PROBLEM STATEMENT:
Could you reproduce, from the records below, everything from the line with "Com um motor" down to the line with "проект родился из", keeping both of those lines and changing nothing?

RECORDS:
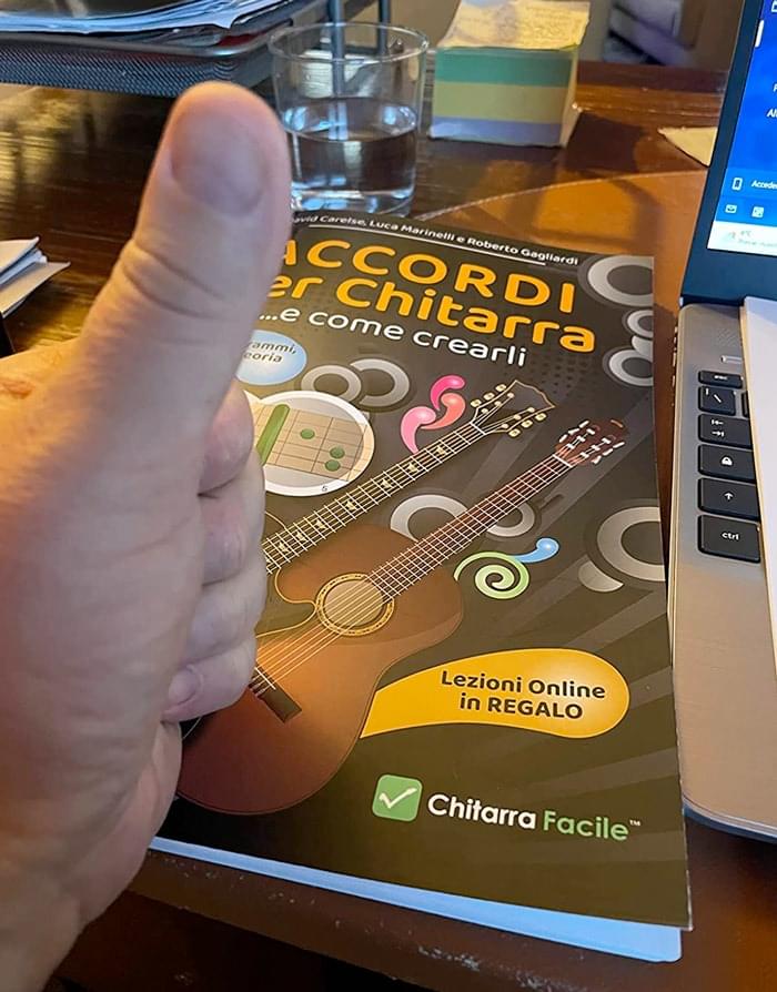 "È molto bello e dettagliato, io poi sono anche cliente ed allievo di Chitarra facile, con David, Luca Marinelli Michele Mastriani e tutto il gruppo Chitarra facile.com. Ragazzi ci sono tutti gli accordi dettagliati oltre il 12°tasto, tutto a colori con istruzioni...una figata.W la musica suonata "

...

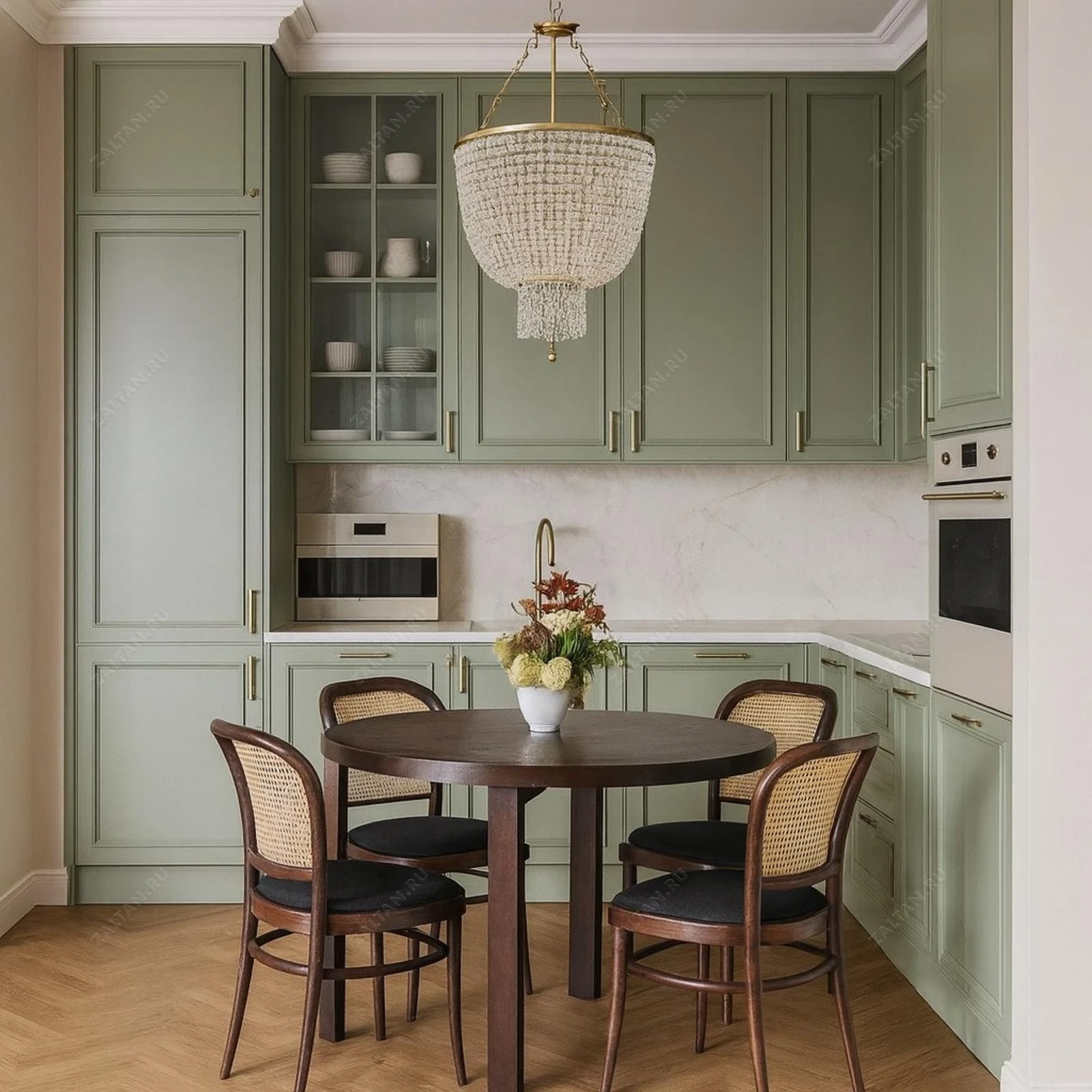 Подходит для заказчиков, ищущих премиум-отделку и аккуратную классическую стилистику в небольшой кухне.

* * *

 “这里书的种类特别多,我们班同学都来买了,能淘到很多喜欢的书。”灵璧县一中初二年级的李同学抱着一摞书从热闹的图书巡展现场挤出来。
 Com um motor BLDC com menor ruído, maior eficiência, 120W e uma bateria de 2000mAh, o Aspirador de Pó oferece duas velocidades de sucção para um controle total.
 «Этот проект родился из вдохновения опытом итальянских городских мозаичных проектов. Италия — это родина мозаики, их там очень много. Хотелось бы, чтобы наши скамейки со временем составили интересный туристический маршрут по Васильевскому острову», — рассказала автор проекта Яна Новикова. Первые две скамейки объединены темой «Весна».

YOUR SOLUTION:
 Com um motor BLDC com menor ruído, maior eficiência, 120W e uma bateria de 2000mAh, o Aspirador de Pó oferece duas velocidades de sucção para um controle total.
 «Этот проект родился из вдохновения опытом итальянских городских мозаичных проектов. Италия — это родина мозаики, их там очень много. Хотелось бы, чтобы наши скамейки со временем составили интересный туристический маршрут по Васильевскому острову», — рассказала автор проекта Яна Новикова. Первые две скамейки объединены темой «Весна».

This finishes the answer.